My top choice, Cristal, by Guillermo Klein and his brilliant medium-sized ensemble Los Guachos (The Orphans), bolstered my sense that Latin Jazz is moving close to the center of the jazz fulcrum of artistic power and influence.

Guillermo Klein y Los Guachos released “Cristal,” my choice for the best jazz album of 2019.  Courtesy google.com

This year, Puerto Rican-born alto saxophonist Miguel Zenon, who is also in Klein’s band of “orphans,” (he’s seated to Klein’s left in the photo, at top) gave us an album that just missed my top ten, Sonero: The Music of Ismael Rivera. The NPR critics group similarly ranked Sonero number 12 in their consensus voting.

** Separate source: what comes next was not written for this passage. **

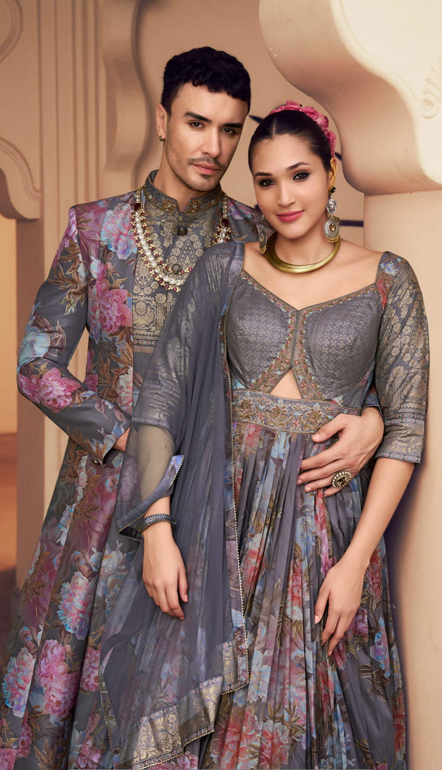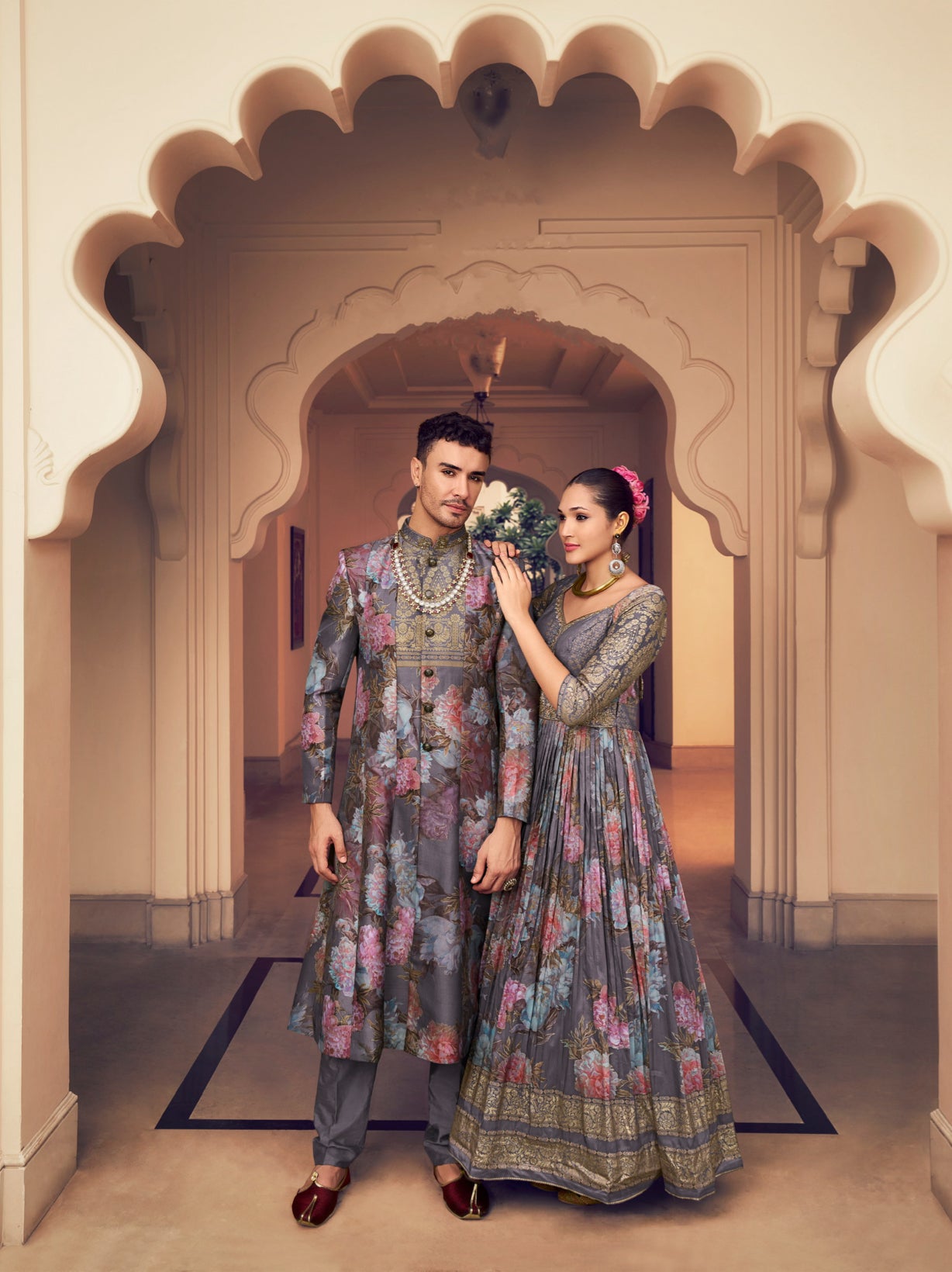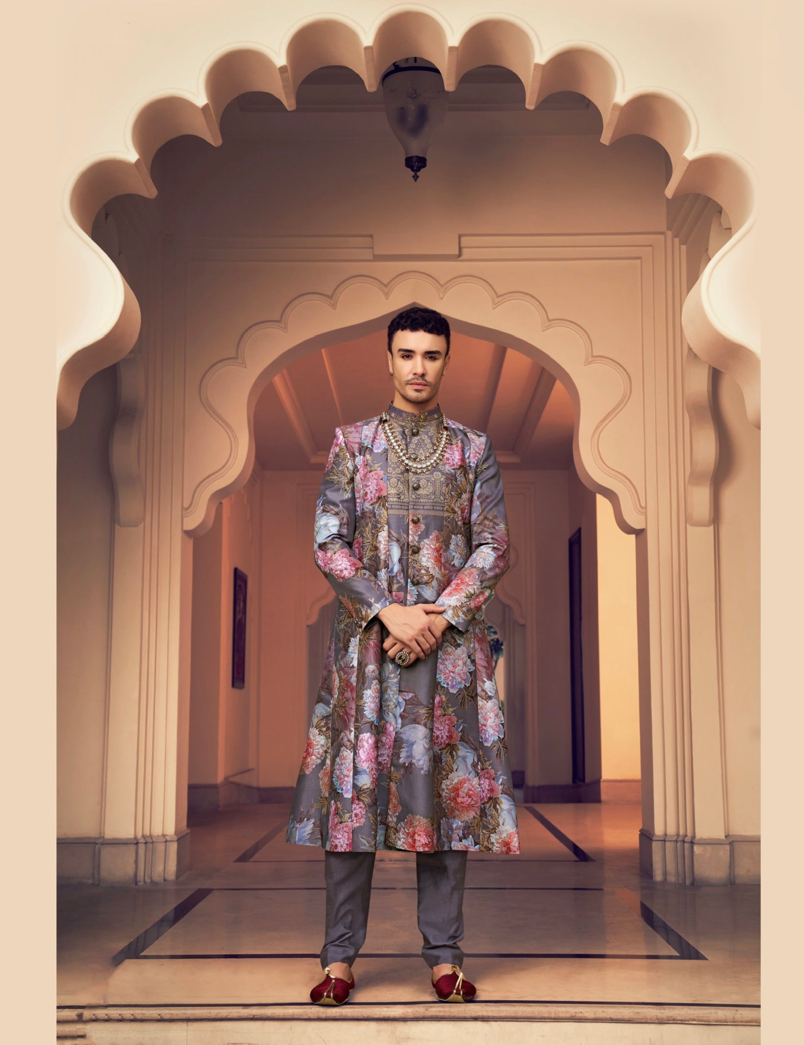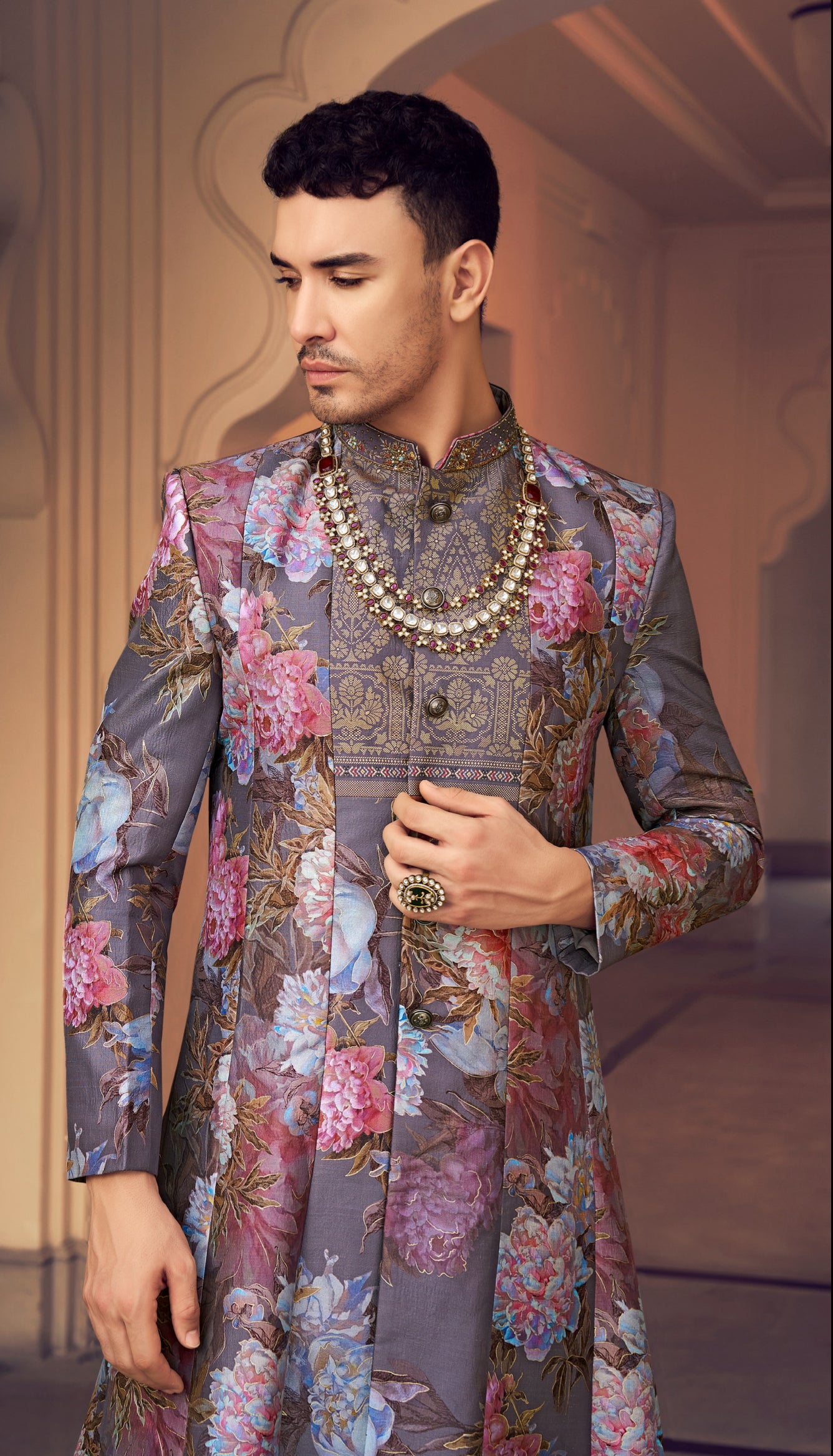 COLLECTION JODI - Tenue Sherwani 2 pièces Gris et Violet floral en soie et broderie artisanale

Zenon is also an original member of the SFJAZZ Ensemble, which scored in my top 10 with The Music of Antonio Carlos Jobim and Original Compositions. Jobim, of course, is the father of Brazilian bossa nova.

These albums follow trumpeter former-Milwaukeean Brian Lynch’s dazzling Madera Latino, a 2-CD 2018 Latin-style take on the music of trumpet icon Woody Shaw, one of my picks for best of that year.

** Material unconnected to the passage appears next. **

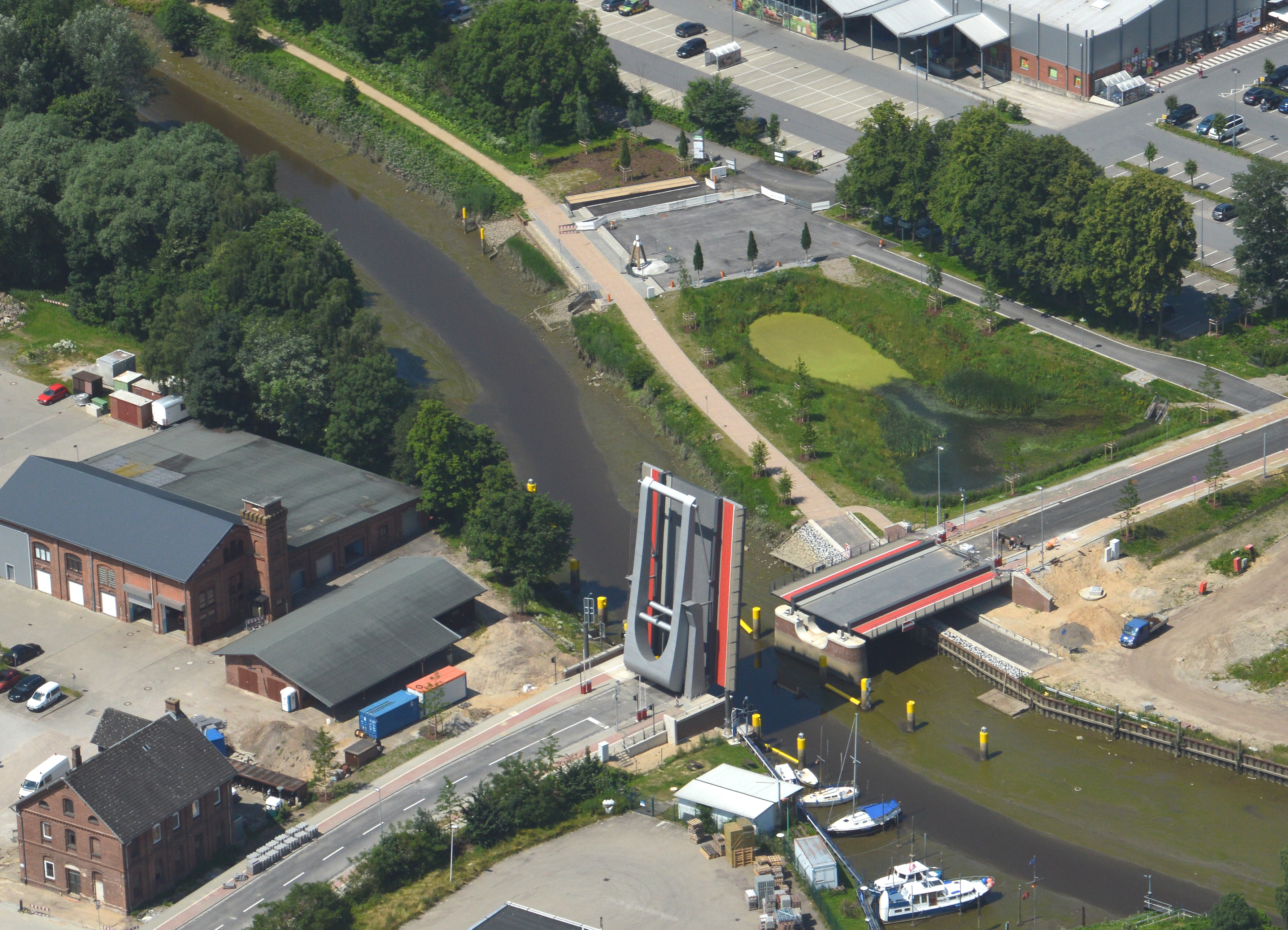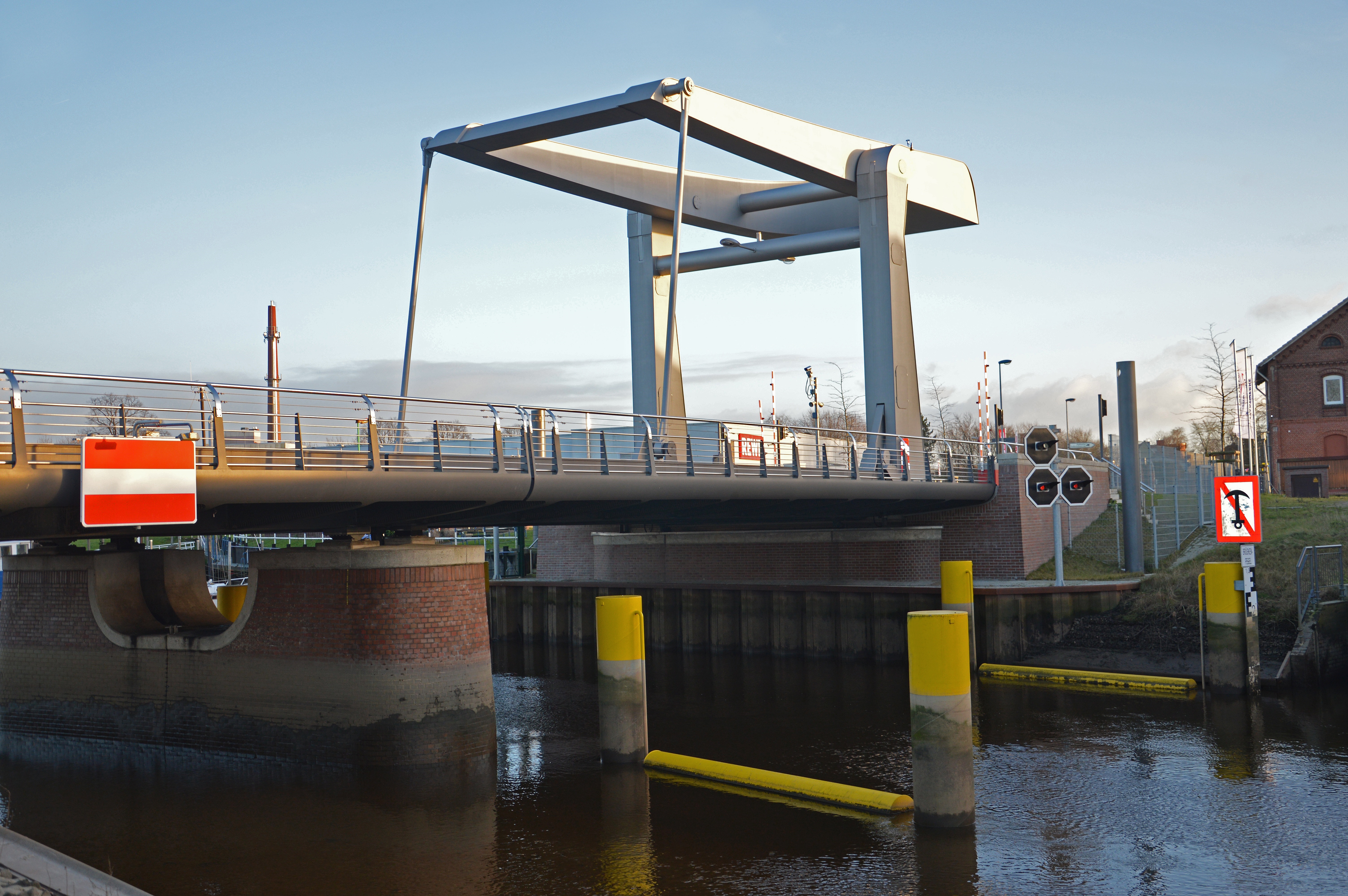 Die Brücke besteht aus einem festen und einen beweglichen Teil mit je 20,0 m Stützweite. Das Gewicht des beweglichen Teils von 100 t wird mit einem Gegengewicht von 100 t ausgeglichen, um die Antriebsleistung der hydraulischen Antriebe beim Hubvorgang zu minimieren.

Otherwise, I was deeply impressed by Forward, the debut album (and a live performance I saw) by The Paul Dietrich Ensemble, a Madison-based orchestra. Maria Schneider Orchestra drummer Clarence Penn is the album’s co-billed artist. Schneider’s style and sensibility deeply inform Dietrich’s music. Among the band’s featured soloists was Chicago alto saxophonist Greg Ward, whose own album, Stomping Off From Greenwood, also made my top 10 list.

I reviewed the album here and for The Shepherd Express:

Madison composer-arranger Paul Dietrich’s music looks backward and forward, like sonic cinema

Pianist composer Kris Davis (center, in blue) and her very diverse ensemble delivered the best album of 2019, according to a poll of 140 jazz critics. Mimi Chakarova/Courtesy of the artist

Here’s a link to the whole 2019 NPR jazz critics poll:

https://www.npr.org/2020/01/14/795888693/the-2019-npr-music-jazz-critics-poll?fbclid=IwAR2BacLUoQYtLwr1hob8ljZfBP3d_Z3H2bgqdTgy1VjuADbWT6qy6HAjwvo

Here’s my own NPR ballot of best jazz albums for 2019:

14th Annual Jazz Critics Poll: 2019

Ballot 2019

Kevin Lynch (The Shepherd Express [Milwaukee], No DepressionCulture Currents)

NEW RELEASES

  1. Guillermo Klein y Los Guachos, Cristal (Sunnyside)
  2. Kenny Barron & Mulgrew Miller, The Art of Piano Duo: Live (Sunnyside)
  3. Lee Konitz Nonet, Old Songs New (Sunnyside)
  4. Wadada Leo Smith, Rosa Parks: Pure Love: An Oratorio of Seven Songs (TUM)
  5. Greg Ward Presents Rogue Parade, Stomping Off From Greenwood (Greenleaf Music)
  6. Tobias Meinhart, Berlin People (Sunnyside)
  7. Kendrick Scott Oracle, A Wall Becomes a Bridge (Blue Note)
  8. SFJAZZ Collective, The Music of Antonio Carlos Jobim and Original Compositions (SFJAZZ)
  9. Paul Dietrich Jazz Ensemble Featuring Clarence Penn, Forward (self-released)
  10. Romain Collin, Tiny Lights (XM)

REISSUES/HISTORICAL

  1. Eric Dolphy, Musical Prophet: The Expanded 1963 New York Studio Sessions (Resonance -3CD -18)
  2. Gil Evans Orchestra, Hidden Treasures: Monday Nights Vol. 1 (Deko Music)
  3. Paul Bley-Gary Peacock-Paul Motian, When Will the Blues Leave (1999, ECM)

VOCAL

  • John Allee, Bardfly (Portuguese Knees)

DEBUT

  • Joshua Catania, Open to Now (Shifting Paradigm)

LATIN

  • Guillermo Klein y Los Guachos, Cristal (Sunnyside)

Note: Gil Evans Orchestra should be considered under New releases (recorded 2016-17).